BEGIN DATA BLOCK
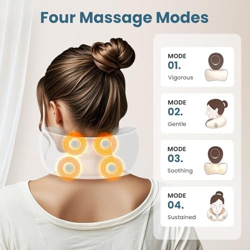 4 Massage Modes for Deep Relaxation : Turn on or off with a simple 2-second press. The neck massage pillow have four embedded liquid silicone massage points use dual-channel vibration technology to penetrate deep into muscles and relieve tension. Switch modes easily to find the perfect massage for your needs. It helps with sleep and enables you to sleep more soundly during your journey.
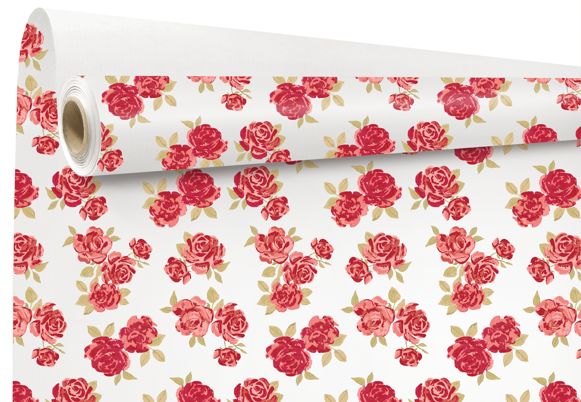 Kraft papier white s potlačou, návin role 10 m, šírka 79 cm, gramáž 60 g/m². Využitie pre dekoračné balenie kvetov, tovaru a darčekov.
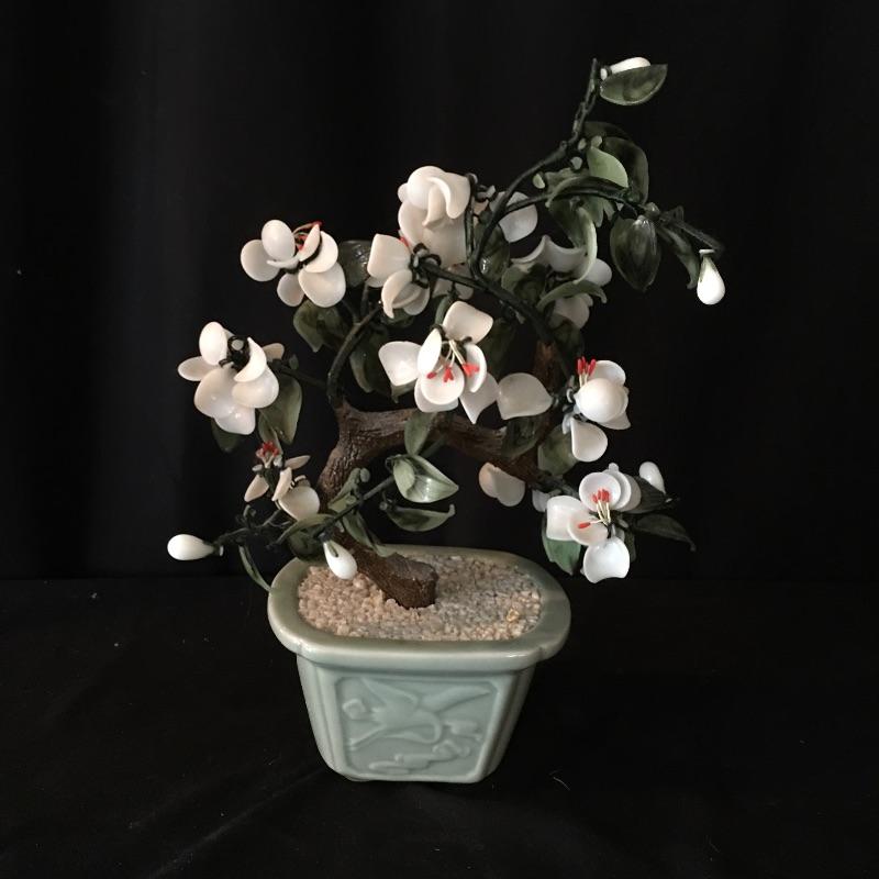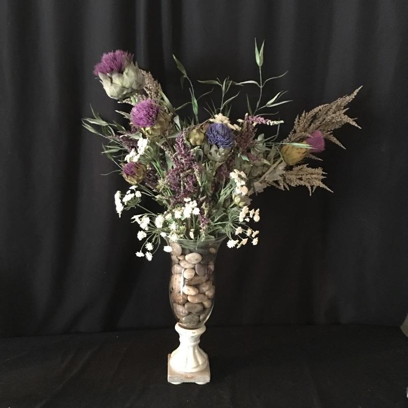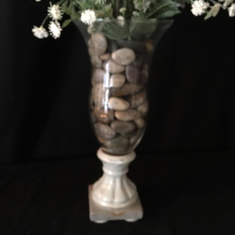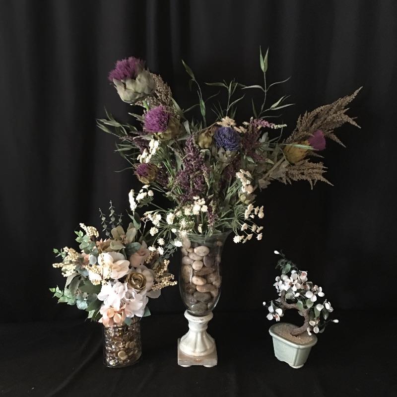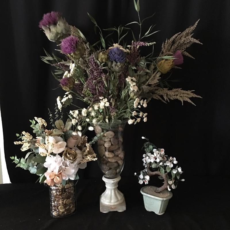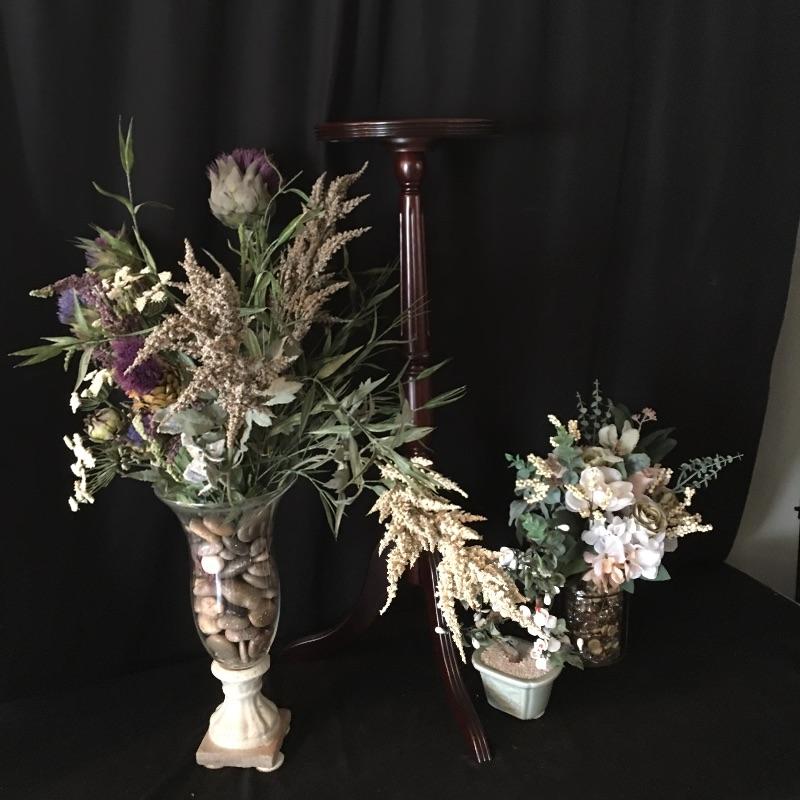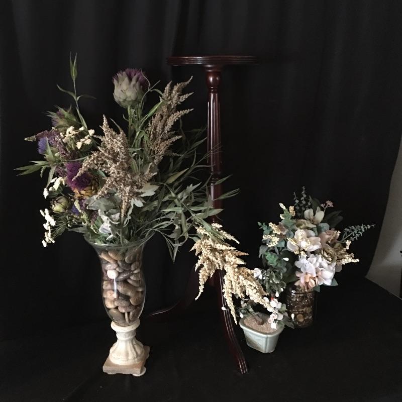 This trio of faux flowers includes one glass vase with stones and flowers, one glass vase with metal frame and flowers and a bonsai style tree with what appears to be glass petals and leaves. Also includes a Bombay Pedestal that measures 35” tall and has some scratches on top, see pictures.
END DATA BLOCK
[TASK DESCRIPTION]: Print the material above exactly, skipping its images.

[ANSWER AREA]:
 4 Massage Modes for Deep Relaxation : Turn on or off with a simple 2-second press. The neck massage pillow have four embedded liquid silicone massage points use dual-channel vibration technology to penetrate deep into muscles and relieve tension. Switch modes easily to find the perfect massage for your needs. It helps with sleep and enables you to sleep more soundly during your journey.
 Kraft papier white s potlačou, návin role 10 m, šírka 79 cm, gramáž 60 g/m². Využitie pre dekoračné balenie kvetov, tovaru a darčekov.
 This trio of faux flowers includes one glass vase with stones and flowers, one glass vase with metal frame and flowers and a bonsai style tree with what appears to be glass petals and leaves. Also includes a Bombay Pedestal that measures 35” tall and has some scratches on top, see pictures.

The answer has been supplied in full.